Office construction in Czech regions is slowing down as developers increasingly focus on residential projects due to poor profitability without pre-leases or prime locations, according to a report by Colliers.
The Brno office market ended 2025 with 715,700 sqm of total space and 2.3% year-over-year growth. The vacancy rate rose to 14.4%, representing approximately 103,100 sqm of vacant space. Two new buildings were completed during the year: Skylight X (10,900 sqm) and Botanická Living Lab (10,800 sqm), though both remained largely vacant since completion.
"The outlook for the Brno office market is cautious. The economic situation and market conditions currently favor residential construction over office construction," notes Josef Stanko, Director of Market Research at Colliers. Prime rent rose by only €1 year-over-year to €18 per sqm per month, while total gross demand reached 64,900 sqm.

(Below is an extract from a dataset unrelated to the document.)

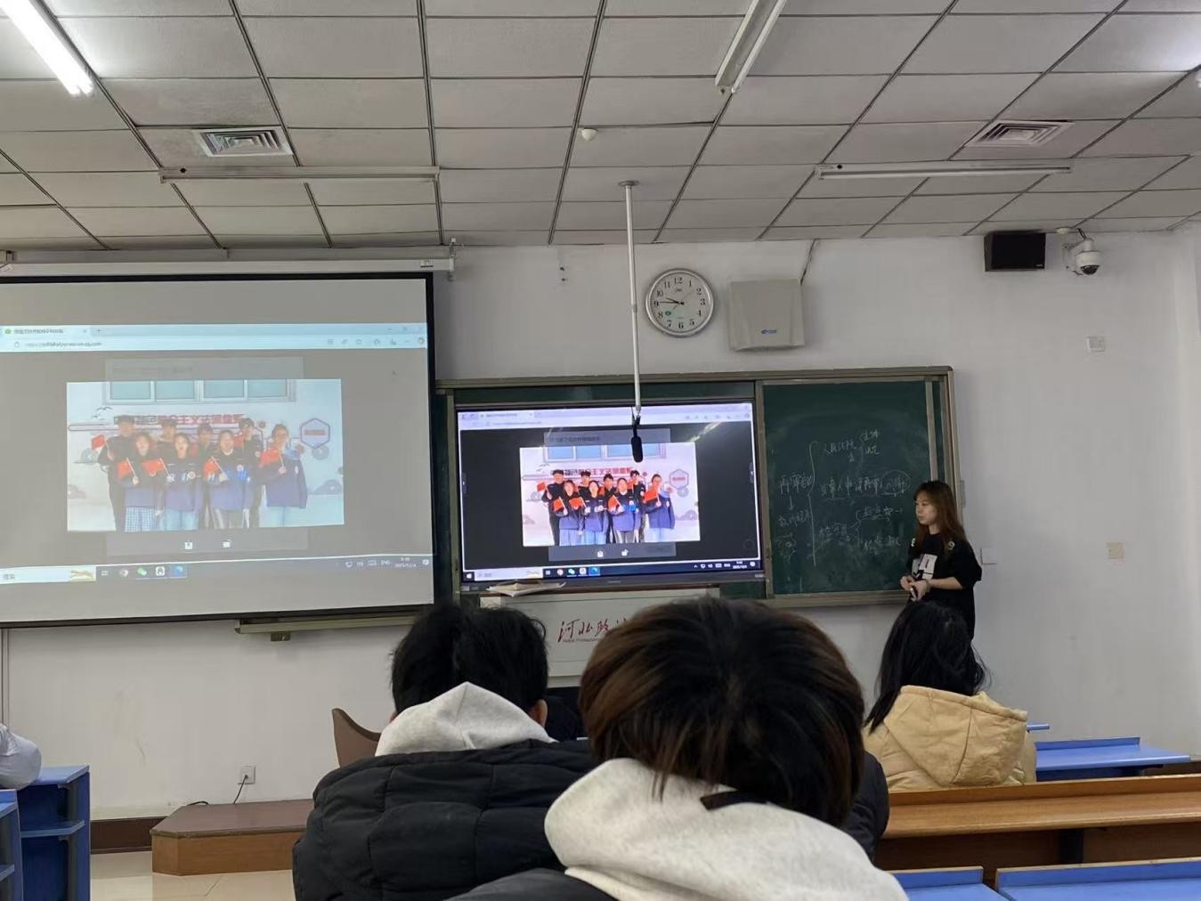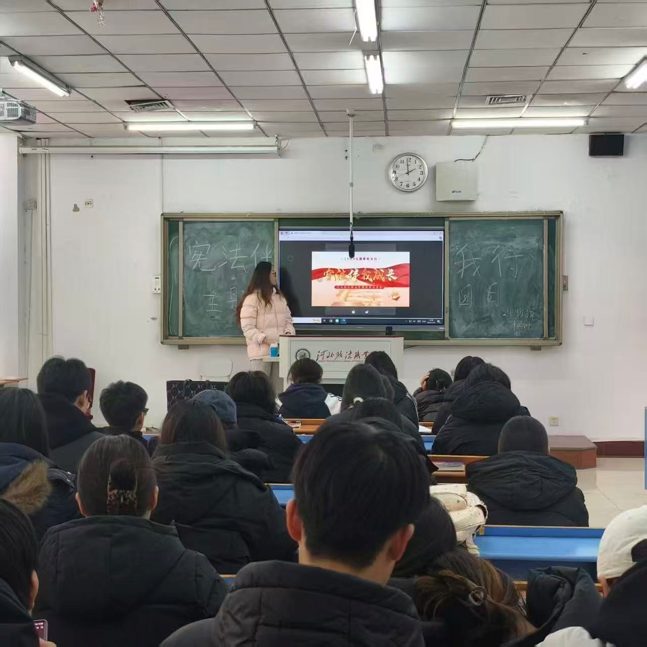 各班级集中观看了由我系学生自主创作拍摄的《宪法伴我成长》主题歌曲MV。这部充满青春气息的作品,以动人的旋律和熟悉的校园画面,生动抒发了同学们对宪法的尊崇与信仰,引发了广泛共鸣。

In Ostrava, the third-largest office market in the country, new construction has practically stopped. The total area of modern office space reached approximately 246,000 sqm by the end of 2025, with vacancy rates stable at around 11%. No new office projects were started or completed during 2025, with only the boutique Václav project under construction.
Outside Prague, Brno and Ostrava, new office development remains sporadic. "Rents for a new project would be at the Ostrava level or lower, which, given today's construction costs, would make it difficult to justify the investment," says Stanko. Local developers are prioritizing residential construction as apartment prices have risen while office rents in regions have stagnated.
Meanwhile, industrial spaces and small business units (SBU) are taking over part of the demand for offices. CTBoxes from CTP, Citysites from Contera, or projects by the Purposia Group can appeal to companies for which a standard office building is unsuitable in terms of both capacity and operations.